* **Problem requirements**
Exact copy, no pictures: set down every entry below as written.

(Records from a dataset)

----

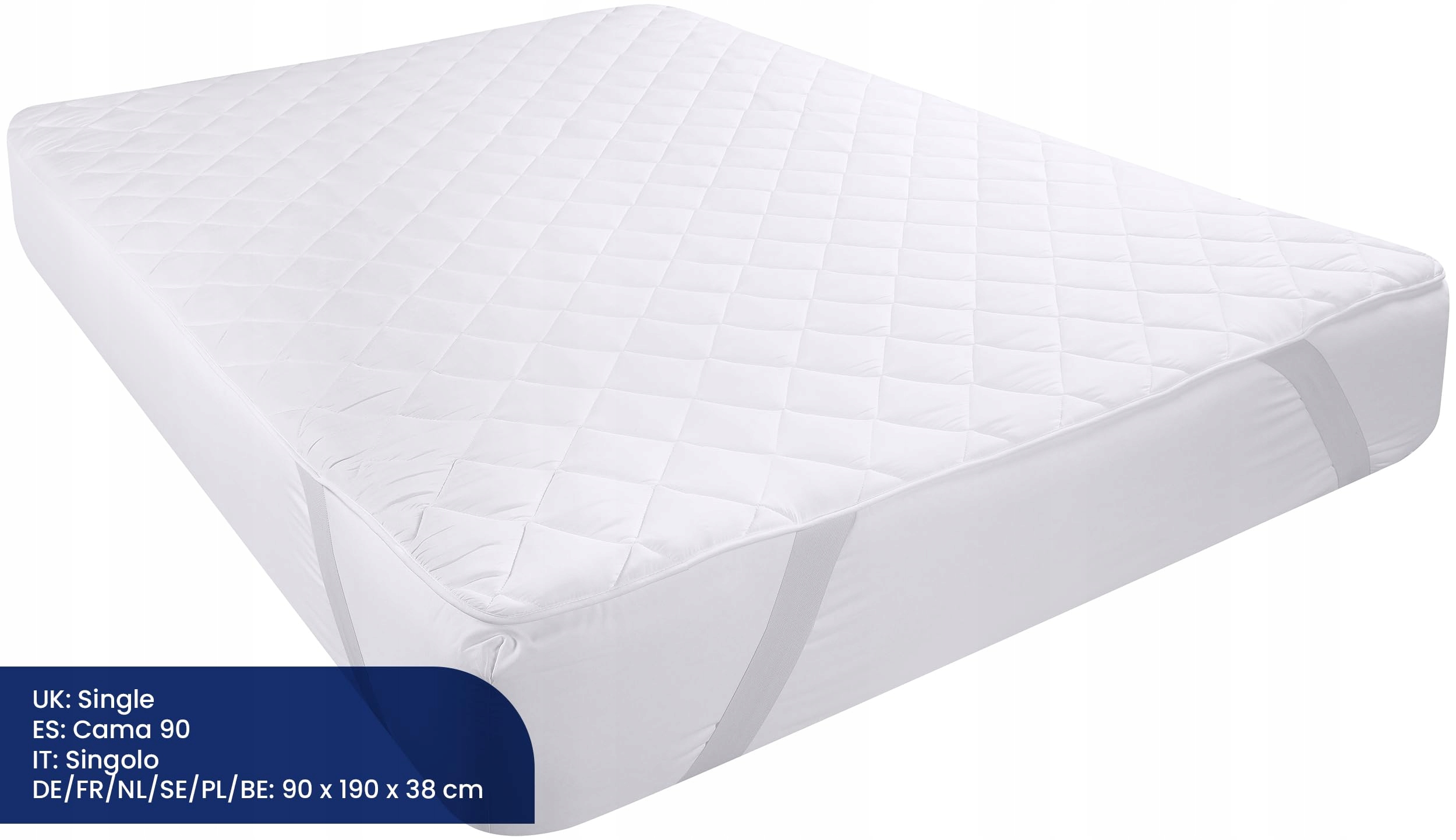 Rozmiar i dopasowanie - Pikowany ochraniacz na materac ma rozmiar 90 x 190 cm; elastyczna taśma rozciąga się do materaca o głębokości 38 cm (NIE WODOODPORNY)
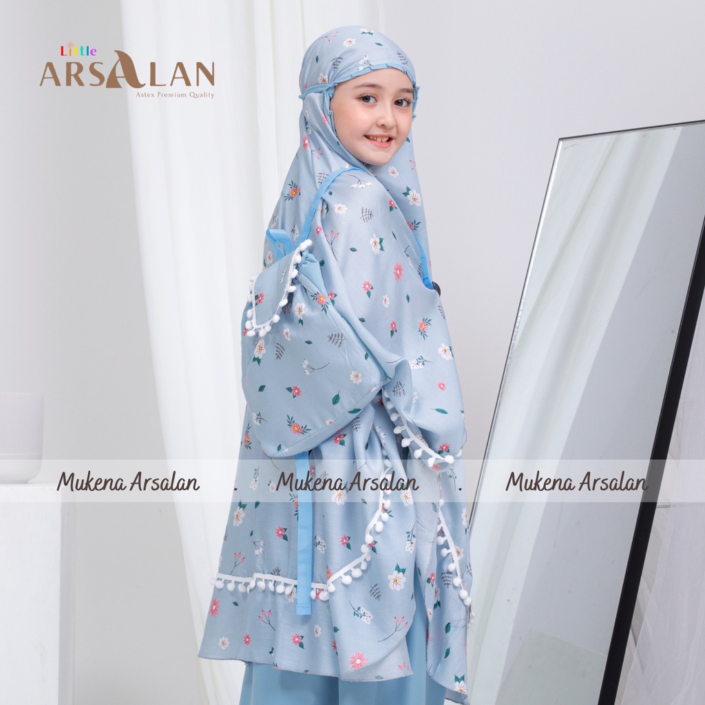 Mukena Anak Pompom Tas Ransel | Mukena Rayon kombinasi Mikro Anak SD Tanggung | Mukena Arsalan
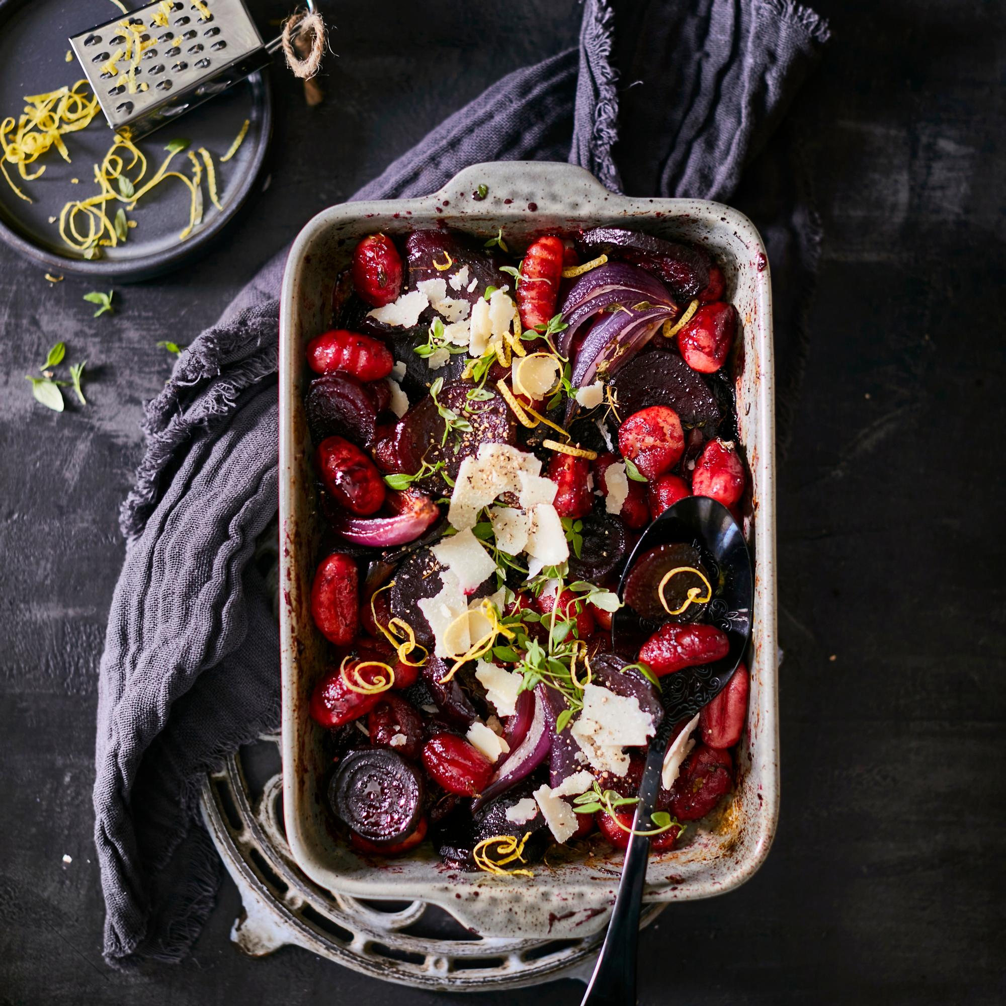 Punajuuri-gnocchivuoka on todellinen joka hetken vuoka! Gnocchit ja punajuuri ovat täydellinen parivaljakko, joiden liittoa hunaja ja balsamiviinietikka korostavat.
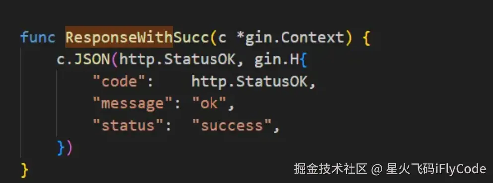 func ResponseWithSuccess(c *gin.Context) { c.JSON(http.StatusOK, gin.H{ "code": http.StatusOK, "message": "ok", "status": "success", })}
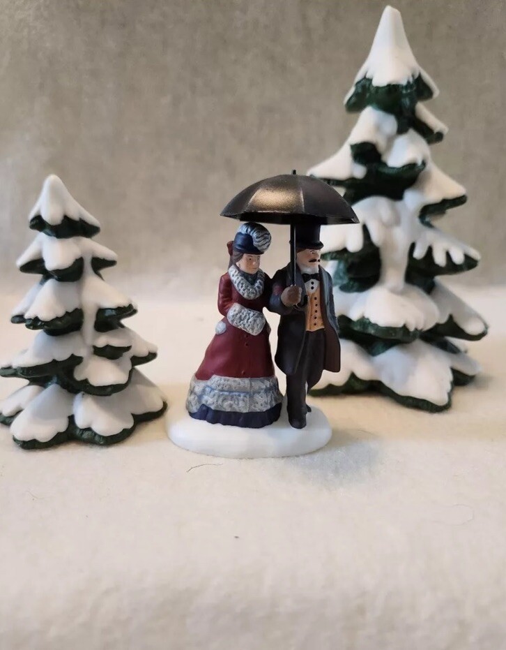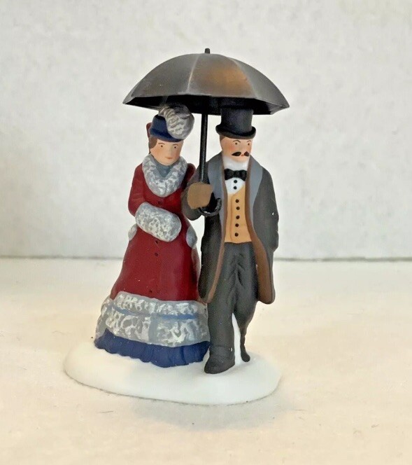 Enhance your Christmas decor with this charming accessory from the Department 56 Dickens Village collection. The figurine features a delightful couple out for a stroll under the umbrella, adding a touch of nostalgia to your festive display. Crafted from high-quality ceramic and porcelain, this multi-colored piece is asymmetrical in shape and comes painted with intricate details that bring the characters to life. The item, which was manufactured in 1999, is a perfect addition to any room and suitable for collectors of all ages, including teens, adults, and kids. It comes boxed, making it an ideal gift for loved ones or a treat for yourself. Celebrate the seasonal theme with this exquisite figurine that will surely become a treasured part of your holiday tradition.
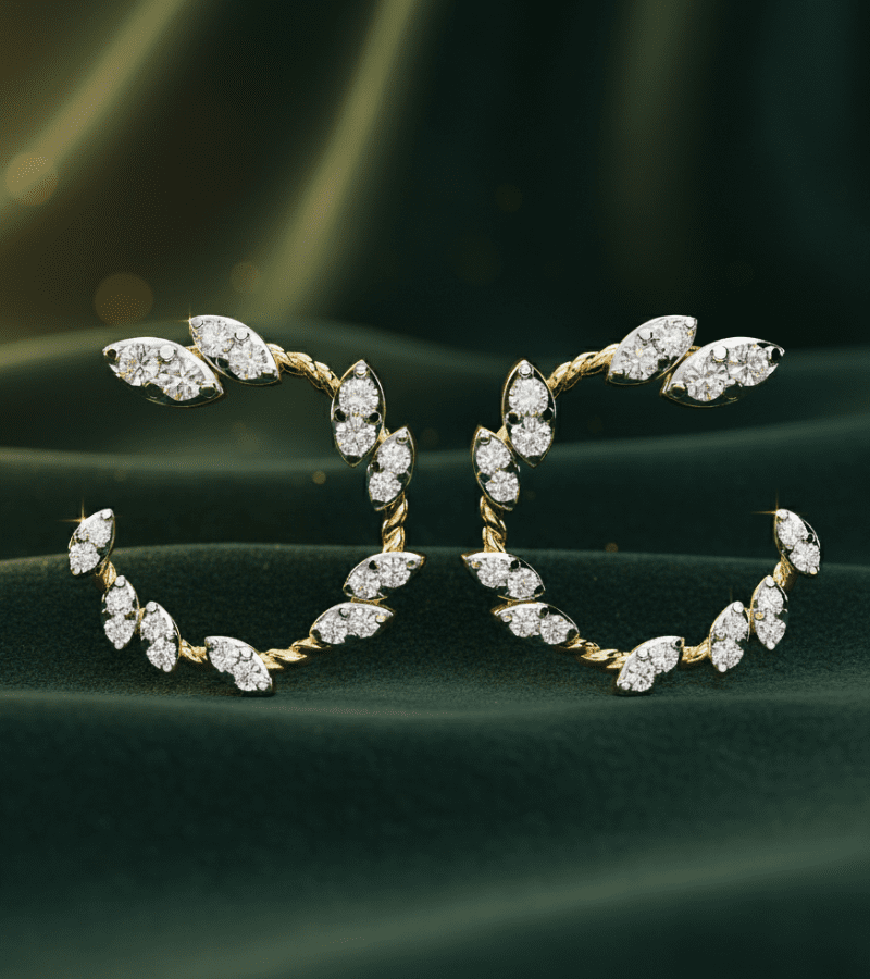 Aurora Leaf Diamond Hoops celebrate a delicate botanical motif with curling, leaf-shaped pavé clusters set along a twisted gold-tone hoop. Each leaf glitters with multiple tiny diamonds, catching light from every angle as the design winds gracefully around the ear. The warm metal backdrop enhances the stones’ fire, delivering a refined, nature-inspired statement piece. Perfect for gala nights, weddings, or upscale evenings, these earrings blend timeless sophistication with modern botanical charm.
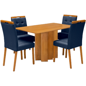 Mesa Recife 120 Cinamono Laminado com 4 Cadeiras Sophia Veludo Azul – CEL MÓVEIS + WM DECOR
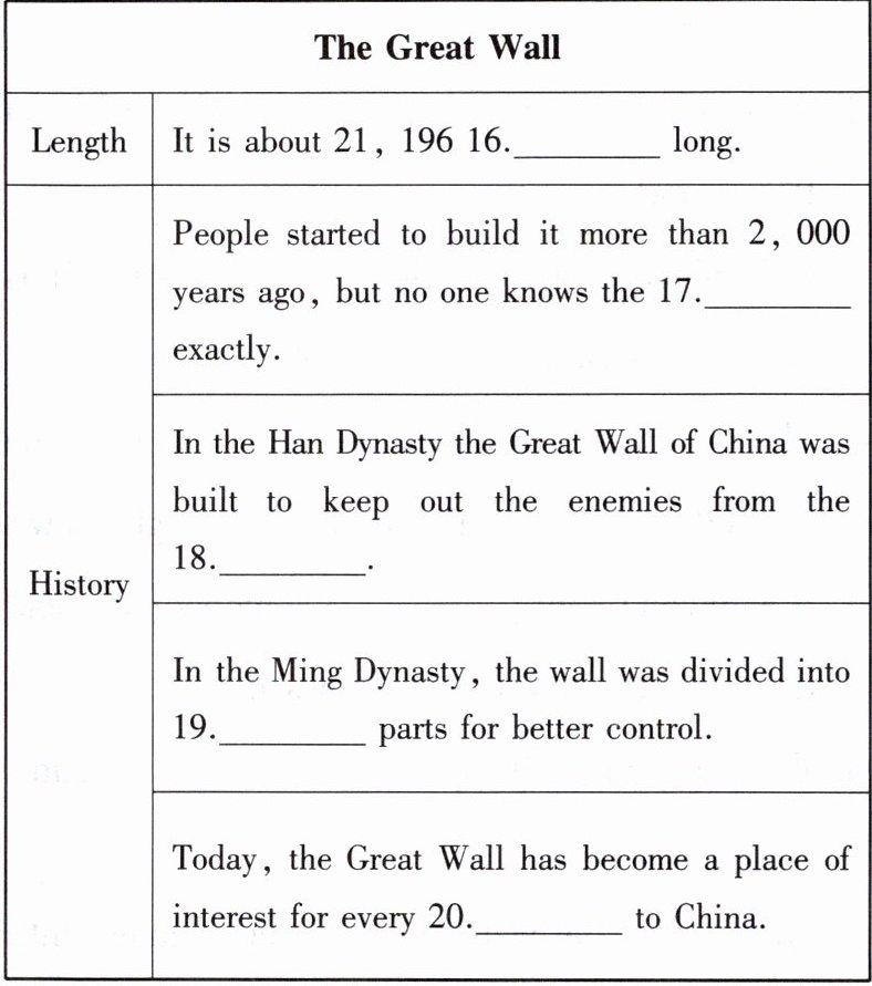 根据所听到的内容,写出可以填入下表空格处的适当单词。独白读两遍。

----

* **Task answer**
 Rozmiar i dopasowanie - Pikowany ochraniacz na materac ma rozmiar 90 x 190 cm; elastyczna taśma rozciąga się do materaca o głębokości 38 cm (NIE WODOODPORNY)
 Mukena Anak Pompom Tas Ransel | Mukena Rayon kombinasi Mikro Anak SD Tanggung | Mukena Arsalan
 Punajuuri-gnocchivuoka on todellinen joka hetken vuoka! Gnocchit ja punajuuri ovat täydellinen parivaljakko, joiden liittoa hunaja ja balsamiviinietikka korostavat.
 func ResponseWithSuccess(c *gin.Context) { c.JSON(http.StatusOK, gin.H{ "code": http.StatusOK, "message": "ok", "status": "success", })}
 Enhance your Christmas decor with this charming accessory from the Department 56 Dickens Village collection. The figurine features a delightful couple out for a stroll under the umbrella, adding a touch of nostalgia to your festive display. Crafted from high-quality ceramic and porcelain, this multi-colored piece is asymmetrical in shape and comes painted with intricate details that bring the characters to life. The item, which was manufactured in 1999, is a perfect addition to any room and suitable for collectors of all ages, including teens, adults, and kids. It comes boxed, making it an ideal gift for loved ones or a treat for yourself. Celebrate the seasonal theme with this exquisite figurine that will surely become a treasured part of your holiday tradition.
 Aurora Leaf Diamond Hoops celebrate a delicate botanical motif with curling, leaf-shaped pavé clusters set along a twisted gold-tone hoop. Each leaf glitters with multiple tiny diamonds, catching light from every angle as the design winds gracefully around the ear. The warm metal backdrop enhances the stones’ fire, delivering a refined, nature-inspired statement piece. Perfect for gala nights, weddings, or upscale evenings, these earrings blend timeless sophistication with modern botanical charm.
 Mesa Recife 120 Cinamono Laminado com 4 Cadeiras Sophia Veludo Azul – CEL MÓVEIS + WM DECOR
 根据所听到的内容,写出可以填入下表空格处的适当单词。独白读两遍。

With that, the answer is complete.